16. The system of claim 8, wherein the one or more processors are further to:

determine, based at least on second sensor data associated with the first type of sensor, one or more third locations associated with the one or more landmarks,

wherein the determination of the second location associated with the machine further uses the one or more third locations associated with the one or more landmarks.

17. The system of claim 8, wherein the one or more processors are further to:

determine, based at least on the map, one or more weights associated with the one or more landmarks; and

determine, based at least on the sensor data, one or more numbers of points associated with the one or more landmarks,

wherein the determination of the second location associated with the machine further uses the one or more weights and the one or more numbers of points.

18. The system of claim 8, wherein the system is comprised in at least one of:

a control system for an autonomous or semi-autonomous machine;

a perception system for an autonomous or semi-autonomous machine;

a system for performing one or more simulation operations;

a system for performing one or more digital twin operations;

a system for performing light transport simulation;

a system for performing collaborative content creation for 3D assets;

a system that provides one or more cloud gaming applications;

a system for performing one or more deep learning operations;

a system implemented using an edge device;

a system implemented using a robot;

a system for performing one or more generative AI operations;

a system for performing operations using one or more large language models (LLMs);

a system for performing operations using one or more vision language models (VLMs);

a system for performing operations using one or more multi-modal language models;

a system for performing one or more conversational AI operations;

a system for generating synthetic data;

a system for presenting at least one of virtual reality content, augmented reality content, or mixed reality content;

a system incorporating one or more virtual machines (VMs);

a system implemented at least partially in a data center; or

a system implemented at least partially using cloud computing resources.

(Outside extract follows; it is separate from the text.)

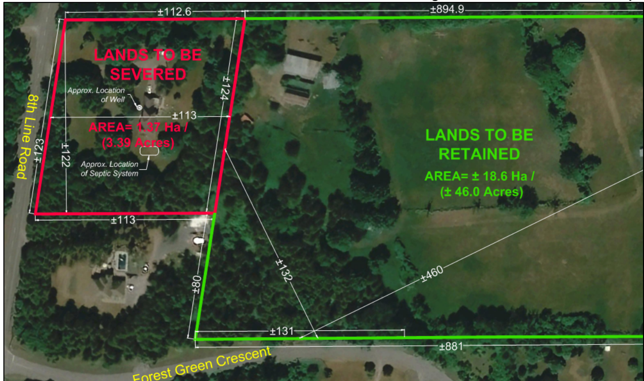
Figure 3. Consent Sketch 1 Excerpt

Consent application 1 will sever a new parcel (the “western severance”) that will accommodate an existing detached dwelling near 8 th Line Road. The severed parcel will have approximately 123 metres of frontage along 8 th Line Road and an approximate area of 1.37 hectares. The retained parcel will have approximately 131 metres of frontage along Forest Green Crescent and an approximate area of 18.6 hectares (see Figure 3).

19. One or more processors comprising:

processing circuitry to localize a machine within an environment using one or more locations associated with one or more landmarks from a map and one or more indications that the one or more landmarks are associated with sensor reflections, wherein the localization of the machine is based at least on analyzing one or more points represented by sensor data with the one or more locations based at least on the one or more locations being associated with the sensor reflections.

20. The one or more processors of claim 19, wherein the one or more processors are comprised in at least one of:

a control system for an autonomous or semi-autonomous machine;

a perception system for an autonomous or semi-autonomous machine;

a system for performing one or more simulation operations;

a system for performing one or more digital twin operations;

a system for performing light transport simulation;

a system for performing collaborative content creation for 3D assets;

a system that provides one or more cloud gaming applications;

a system for performing one or more deep learning operations;

a system implemented using an edge device;

a system implemented using a robot;

a system for performing one or more generative AI operations;

a system for performing operations using one or more large language models (LLMs);

a system for performing operations using one or more vision language models (VLMs);

a system for performing operations using one or more multi-modal language models;

a system for performing one or more conversational AI operations;

a system for generating synthetic data;

a system for presenting at least one of virtual reality content, augmented reality content, or mixed reality content;

a system incorporating one or more virtual machines (VMs);

a system implemented at least partially in a data center; or

a system implemented at least partially using cloud computing resources.